Well, yeah, but... where the executable is ought, honestly, to be irrelevant.
Yes, in a sense it's irrelevant, but it's the only thing that's 1:1 with a particular "copy" of parrot. It's the only thing (that I can think of) which continues to work if you move your distro around, and which naturally avoids problems with having multiple copies, and lets things work even if you don't "install".
If I've stuck Parrot in /usr/bin it seems unlikely that I'll have parrot's library files hanging off of /usr/bin.
Right, so you do what Mac OS X does with the java executable--you put a symlink in /usr/bin, pointing to the real location. And your "path to the executable" has to call realpath() or the equivalent to resolve such symlinks (which you need to do in order for path logic to do-the-right-thing).
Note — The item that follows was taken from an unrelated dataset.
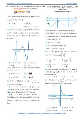 Ngọc Huyền LB – facebook.com/huyenvu2405 The best or nothing Đã nói là làm - Đã làm là không hời hợt - Đã làm là hết mình - Đã làm là không hối hận ĐỀ THI THỬ LẦN 5 - ĐOÀN TRÍ DŨNG - 0902.920.389 Ngọc Huyền LB sưu tầm và giới thiệu ĐỀ THI THỬ THPT QUỐC GIA NĂM 2017 Môn: Toán Thời gian làm bài: 90 phút Câu 1. Tìm tất cả các khoảng nghịch biến của hàm số 3 2 1 2 3 2 3 y x x x . A. ;1 . B. 3; . C. 1;3 . D. ;1 và 3; . Câu 2. Cho hàm số y f x xác định và liên tục trên và đồ thị của hàm số 'y f x như hình vẽ bên. Xác định các điểm cực đại của hàm số y f x ? A. 0x và 2x B. 1x và 3x C. 2x D. 0x Câu 3. Hàm số nào sau đây đồng biến trên tập xác định của nó ? A. 3 23 2.y x x B. 1 . 2 x y x C. 4 24 1.y x x D. 1.y x Câu 4. Tìm m để đồ thị hàm số 2 2 1 2 x y x x m có hai tiệm cận đứng? A. 1m B. 1m C. 1m D. 1m Câu 5. Cho hàm số 4 2 22 3y x m x . Tìm tất cả giá trị của m để hàm số có 3 điểm cực trị . A. .m B. 0.m C. .m D. 0.m Câu 6. Hàm số y f x xác định, liên tục trên các khoảng ;2 , 2;5 , 5; và có bảng biến thiên: Xét các mệnh đề sau, chọn khẳng định đúng: I Đồ thị hàm số có 2 đường tiệm cận đứng. II Đồ thị hàm số có 1 đường tiệm cận ngang. A. I đúng, II sai. B. I sai, II đúng. C. Cả I và II cùng đúng. D. Cả I và II cùng sai. Câu 7. Tìm giá trị lớn nhất của hàm số 3 3 3y x x trên đoạn 3 3; . 2 A. 3 3; 2 max 3.y B. 3 3; 2 15 max . 8 y C. 3 3; 2 max 5.y D. 3 3; 2 max 1.y Câu 8. Có bao nhiêu giá trị nguyên của tham số m để phương trình 3 23 1 0x x m có 3 nghiệm phân biệt ? A. 2 B. 3 C. 4 D. 5 Câu 9. Cho hàm số x ax b y c d có đồ thị như hình vẽ bên. Khẳng định nào sau đây là đúng? A. d 0, d 0a b B. d 0, d 0a b C. d 0, d 0a b D. d 0, d 0a b y O x 1 2 3 y O x 1 2 1 Ngọc Huyền LB – facebook.com/huyenvu2405 The best or nothing Đã nói là làm - Đã làm là không hời hợt - Đã làm là hết mình - Đã làm là không hối hận Câu 10. Cho hàm số 3 3y x ax b có đồ thị C . Gọi ,A B là hai điểm trên đồ thị C tại đó có tiếp tuyến với C song song nhau và có hệ số góc bằng 3. Biết rằng khoảng cách từ gốc tọa độ tới đường thẳng AB bằng 1? Tìm giá trị nhỏ nhất của 2 2P a b ? A. 6 5 B. 3 2 C. 4 3 D. 7 6 Câu 11. Ông Hùng có 50m lưới hàng rào. Ông muốn rào miếng đất thành hai chuồng kín hình chữ nhật để một chuồng nuôi gà, một chuồng nuôi vịt. Biết hai chuồng có chung một vách ngăn cũng bằng lưới trên. Hỏi ông Hùng có thể rào hai chuồng với tổng diện tích lớn nhất bằng bao nhiêu ? A. 2 625 . 8 m B. 2 625 . 6 m C. 2 5000 . 49 m D. 2 625 . 4 m Câu 12. Tính đạo hàm của hàm số 3log 2y x . A. 2 ln3.y x B. 1 . 2 ln3 y x C. 1 . ln3 y x D. 4 ln3.y x Câu 13. Cho hàm số 5 x y m . Tìm tất cả giá trị của m để hàm số nghịch biến trên . A. 4 5.m B. 0 1.m C. 4 5.m D. 5.m Câu 14. Bất phương trình 2 2 10 3 4 12 2 x x x có bao nhiêu nghiệm nguyên dương ? A. 2 B. 3 C. 4 D. 6 Câu 15. Cho các số thực dương , ,x y z khác 1 và thỏa mãn 1xyz . Tìm giá trị nhỏ nhất của biểu thức: log log log 2 log log log z x y x y z y xz yx z A z x y y z x A. 4 2 B. 6 3 C. 6 2 D. 3 Câu 16. Đường cong C ở hình bên là đồ thị của 1 trong 4 hàm số được liệt kê sau đây. Hỏi hàm số đó là hàm số nào? A. .y x B. 3 2 .y x C. 3 1 .y x D. .y x Câu 17. Cho , ,a b x là các số thực dương. Biết 3 13 3 log 2log logx a b , tính x theo a và b . A. 4 . a x b B. . a x b C. 4x a b D. 4 .x a b Câu 18. Cho các số thực ,a b thỏa 2 3 3 5a a và 2 3 log log . 3 5b b Khẳng định nào sau đây là khẳng định đúng? A. 0 log 1. a b B. log 0. b a C. log 1. a b D. 0 log 1. b a Câu 19. Cho các số thực dương , ,a b c với 1, 1.ab c Khẳng định nào sau đây là khẳng định đúng ? A. log log .logab a bc c c B. log log log ab a b c c c C. log .log log . log log a b ab a b c c c c c D. log log log . log .log a b ab a b c c c c c Câu 20. Cho ,x y là các số thực dương thỏa 9 6 4 log log log . 6 x y x y Tính tỉ số x y . A. 3. x y B. 5. x y C. 2. x y D. 4. x y Câu 21. Xét số thực 2 2 log log .... 2m trong đó bên trong biểu thức có 2017 dấu căn thức. Phương trình m mx x m có bao nhiêu nghiệm thực phân biệt? A. 1 B. 2 C. 3 D. Vô nghiệm y O x 1 1 (C) Ngọc Huyền LB – facebook.com/huyenvu2405 The best or nothing Đã nói là làm - Đã làm là không hời hợt - Đã làm là hết mình - Đã làm là không hối hận Câu 22. Tìm nguyên hàm của hàm số 2 .xf x A. 1.2 .xf x dx x C B. 2 ln2 . xf x dx C C. 12 . 1 x f x dx C x D. 2 . ln2 x f x dx C Câu 23. Với mỗi số tự nhiên n , ta đặt: 1 0 n x n I x e dx . Mệnh đề nào sau đây đúng? A. 12 1n nI e n I B. 1n nI e nI C. 1n n I e nI D. 11n nI e n I Câu 24. Cho hàm số y f x liên tục trên và là hàm số chẵn. Biết rằng 3 0 0 4 3, 7.f x dx f y dy Tính giá trị của tích phân 4 3 I f t dt . A. 10.I B. 4.I C. 7 . 3 I D. 21.I Câu 25. Tính tích phân 1 2 0 4 3 dx I x x . A. 3 ln . 2 I B. 1 3 ln . 3 2 I C. 1 3 ln . 2 2 I D. 1 3 ln . 2 2 I Câu 26. Viết công thức tính diện tích S của hình phẳng D giới hạn bởi hai đồ thị hàm số y f x , y g x liên tục trên đoạn ;a b và các đường thẳng , .x a x b A. . b a S f x g x dx B. . b a S f x g x dx C. . b a S f x g x dx D. . b a S f x g x dx Câu 27. Tính diện tích hình phẳng giới hạn bởi các đường 1 x y x , 3x và các trục tọa độ? A. 8

And if I've got a few hundred machines with parrot's library NFS mounted in different places (to match conflicting vendor standards and other whackjob breakage which is endemic in, well, the world) it really falls down. :)
I'm not sure I get your meaning here. By "executable", I mean standalone-parrot, not libparrot, of course. If you mean that libparrot might end up in 100 different places, then you'll not end up with the dynamic linker finding things properly, so you'll have a bigger problem to solve. If you mean that standalone-parrot could end up in 100 different places, then you're going to have 100 different ways you need to set up $PATH just to launch it, but once it's executing you'd still be fine. Or each host will have its own separate symlink in /usr/bin to the right location for that host, and everything will just be fine.
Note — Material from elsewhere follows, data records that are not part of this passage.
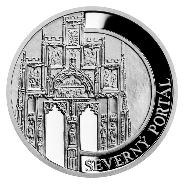 Na druhé stříbrné minci České mincovny ze čtyřdílné minisérie, která vzdává hold košickému dómu svaté Alžběty, najdete vyobrazení severního portálu.
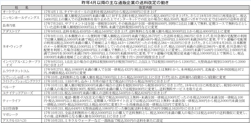 100~200円の上げ幅に<主要企業の送料改定は?> 昨秋~4月がピークだが今後も
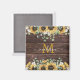 Agrega encanto rústico a tu espacio con este elegante imán de madera marrón, que presenta girasoles amarillos, hojas de eucalipto y un monograma personalizado: un gran acento floral de verano o regalo de boda.
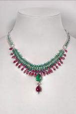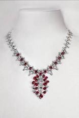 這件作品延續卡地亞混合多種造型的設計手法,完全基于寶石本身構建結構,利用寶石的不同形狀,將一組28顆產自莫桑比克的風箏形紅寶石與大量六邊形、梨形、方形及明亮式切割鉆石組合搭配。艷粉色和鉆石的純粹光芒營造鮮明對比,精心排列之余展現平衡的美感。

Add to that you can't always figure out where Parrot really is both because of chroot behaviour and some odd "where am I really" problems with suid scripts in some places.
With chroot, frankly, you have the same problem with DLLs, and you end up needing to have all of your necessary external resources located in your chroot-dir so that their paths after the chroot match their paths before. So that was a bad example on my part, really. (And, if you are chroot-ing from within a parrot script, you're in a place where you'd want to re-point your config dir path to match.)
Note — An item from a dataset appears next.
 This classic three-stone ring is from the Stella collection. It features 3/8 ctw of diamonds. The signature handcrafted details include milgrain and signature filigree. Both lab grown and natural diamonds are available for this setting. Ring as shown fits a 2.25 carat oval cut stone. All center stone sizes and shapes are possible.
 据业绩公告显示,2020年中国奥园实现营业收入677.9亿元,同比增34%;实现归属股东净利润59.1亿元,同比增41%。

But with interpreter files we could have the problem that the kernel hides the info from us. But for bytecode files, if they're launched like java apps are launched, with "parrot foo", then that problem wouldn't come up.
Having the executable path as an optional way to get the info's not necessarily a bad thing, but I think it's safe to say that it's not The Right Thing. (If there even is one)
Yeah, I don't think there's a 100% solution, but it would be nice to have something which works 95% of the time and is flexible/convenient, in preference to something that works 96% of the time and is less powerful.
I think a reasonable approach would be:
1) Always allow the config location to be overridden via a command-line parameter, and change-able from bytecode. (That let's you be 100% unambiguous, at the cost of needing to execute parrot in a particular way. And it's convenient for testing against a whole bunch of different sets of configs without rebuilding.)
2a) On platforms which support it, auto-find the executable, and base the config path on that.
2b) On platforms which don't support that (and even, as a compile-time option for those which support it), have a compiled-in path to use.
This basically matches the API you mentioned before, and boils down to what gets passed to Parrot_set_library_base() (or, call it Parrot_set_configuration_base maybe) at launch time--it gets passed either an explicitly supplied value, an inferred value, or a compiled-in value).